- [Entries shown]
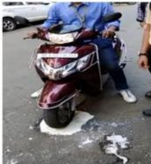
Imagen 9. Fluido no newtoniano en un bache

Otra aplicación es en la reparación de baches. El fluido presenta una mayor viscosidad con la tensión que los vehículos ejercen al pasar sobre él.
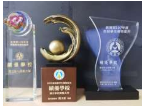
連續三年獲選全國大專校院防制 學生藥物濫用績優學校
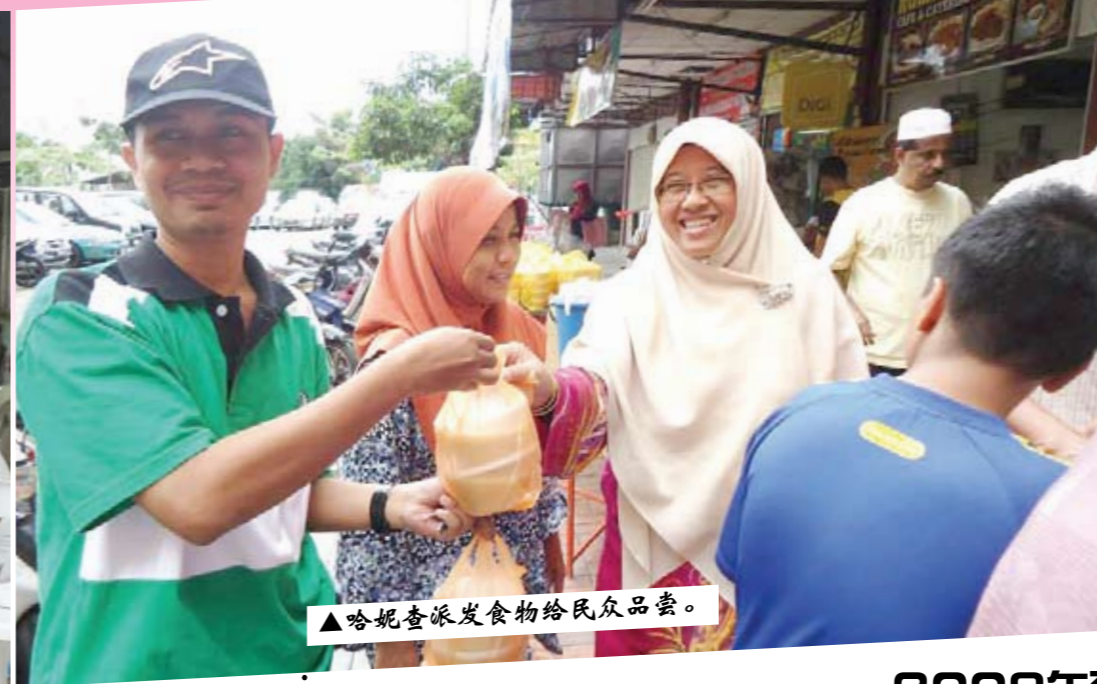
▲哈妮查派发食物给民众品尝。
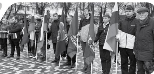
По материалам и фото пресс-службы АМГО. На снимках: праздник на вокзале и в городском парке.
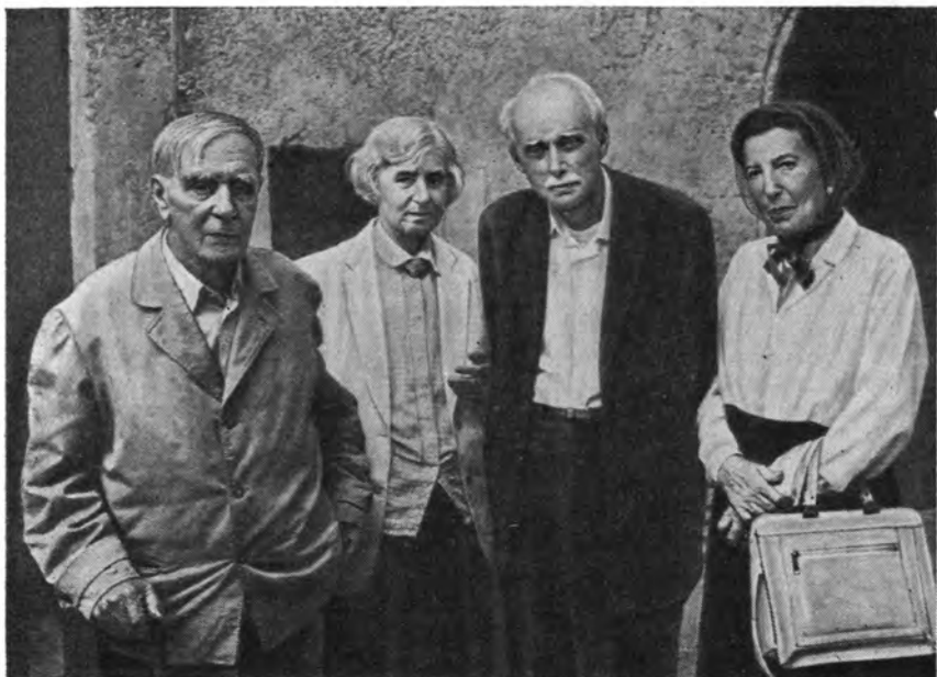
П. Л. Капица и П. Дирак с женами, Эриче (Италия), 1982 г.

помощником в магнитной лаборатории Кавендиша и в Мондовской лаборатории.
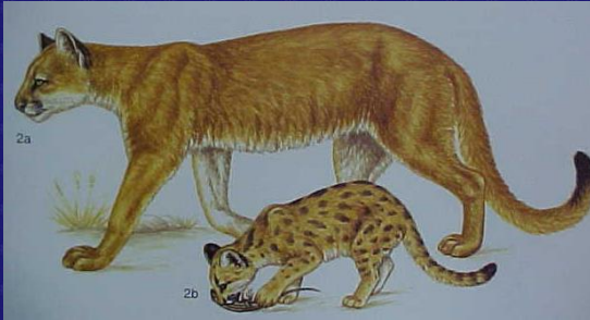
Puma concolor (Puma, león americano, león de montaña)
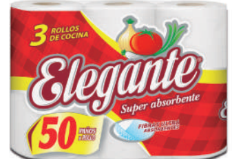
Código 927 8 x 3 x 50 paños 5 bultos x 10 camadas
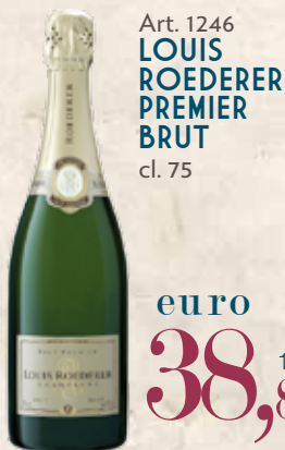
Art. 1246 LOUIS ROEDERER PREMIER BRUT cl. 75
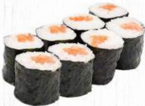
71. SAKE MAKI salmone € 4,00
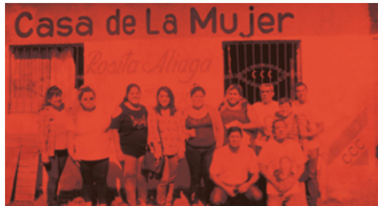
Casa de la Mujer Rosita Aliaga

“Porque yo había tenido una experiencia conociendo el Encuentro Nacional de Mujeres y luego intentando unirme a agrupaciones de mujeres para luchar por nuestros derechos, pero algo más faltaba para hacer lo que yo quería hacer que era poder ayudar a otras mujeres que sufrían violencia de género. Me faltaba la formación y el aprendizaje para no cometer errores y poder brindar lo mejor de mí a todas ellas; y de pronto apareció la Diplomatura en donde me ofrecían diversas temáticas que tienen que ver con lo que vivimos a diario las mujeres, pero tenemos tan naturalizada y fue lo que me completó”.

- [Exercise aim] Transcribe, word for word, the lines of the listing above from the one that contains "Art. 1246 LOUIS ROEDERER PREMIER BRUT cl. 75" through the one that contains "Casa de la Mujer Rosita Aliaga", keeping both ends and dropping the pictures.

- [Response to the exercise]
Art. 1246 LOUIS ROEDERER PREMIER BRUT cl. 75
71. SAKE MAKI salmone € 4,00
Casa de la Mujer Rosita Aliaga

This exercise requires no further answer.